# Esee 3 or Ontario rat 3



## Deathdealer (Oct 26, 2013)

I am in the market for a new survival knife that I can have as an edc knife and I've narrowed it down to these two they are pretty much the same knife but there are differences between the two of them if any one can help me make a decision it would be much appreciated.


Sent from my iPhone using Survival Forum


----------



## camo2460 (Feb 10, 2013)

Deathdealer said:


> I am in the market for a new survival knife that I can have as an edc knife and I've narrowed it down to these two they are pretty much the same knife but there are differences between the two of them if any one can help me make a decision it would be much appreciated.
> 
> Sent from my iPhone using Survival Forum


I looked at both knives, and you're right they are pretty much the same, However If I was to purchase one or the other I think it would be the Esee3. Being a Bowie Knife man myself, I prefer a larger knife since what can be done with a small knife I can also do with a larger knife, and can also do the bigger things which can't be done with a smaller knife. Before you purchase, why don't you check out the Davey Crockett Limited Edition Bowie Knife and see what you think.


----------



## Apachespyder (Feb 17, 2012)

I've got both knives, they are very close. The only real difference is the glass breaker on the Esee. Both are great but for a EDC why not have the glass breaker option on you all the time? 

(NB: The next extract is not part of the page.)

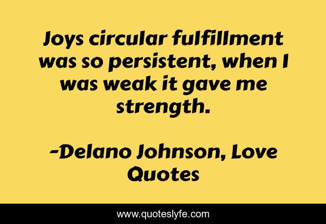 This page presents the quote "Joys circular fulfillment was so persistent, when I was weak it gave me strength.". Author of this quote is Delano Johnson, Love Quotes. This quote is about love-hurts, lovers, love, delano-johnson, daydream, cinderella, love-at-first-sight, rare-images-of-love, fantasy,.

Sent from my SCH-I545 using Survival Forum mobile app


----------



## GlockASP (Jan 30, 2013)

*ESEE aka RAT*

The ESEE knives are outstanding knives.

Before the name change from RAT to ESEE, I had bought one and after having it for a month went back and bought 5 more.

The ESEE 3 & Ontario/RAT 3 are from a design perspective are almost the same knife, but there is a difference. Quality control & warranty are the big points for me.

There is a long history between Ontario and ESEE the short version of the story is Ontario won a lawsuit and the rights to the RAT name and to produce the designs. I was never a big fan of there quality before the lawsuit and after the bulling and lawsuit of RAT cutlery, now ESEE, I am not a big fan of Ontario. Just my opinion.

As for the ESEE line of knives, I can not say enough about them, I was blown away with the fit, finish and quality. They also have a no nonsense lifetime guarantee that is the best I have ever seen. If you brake it they will replace it period. Bottom line is they stand behind there product, and I can vouch for that first hand.

"NO QUESTIONS ASKED LIFETIME WARRANTY on all fixed blade knives. If you break it, send it back and we'll replace it. Warranty is transferable. In other words, we warranty the knife no matter how many times it's been traded, sold or given away. No sales receipt required. We do not guarantee against rust or normal wear and tear."


----------



## wolverine_173 (Apr 14, 2014)

I would go ontario, its less expensive but just as good


----------



## usingmyrights (Mar 26, 2013)

If they were the same quality then they'd also be the same price. Either Ontario would raise there's for more profit or ESEE would lower theirs for more sales.


----------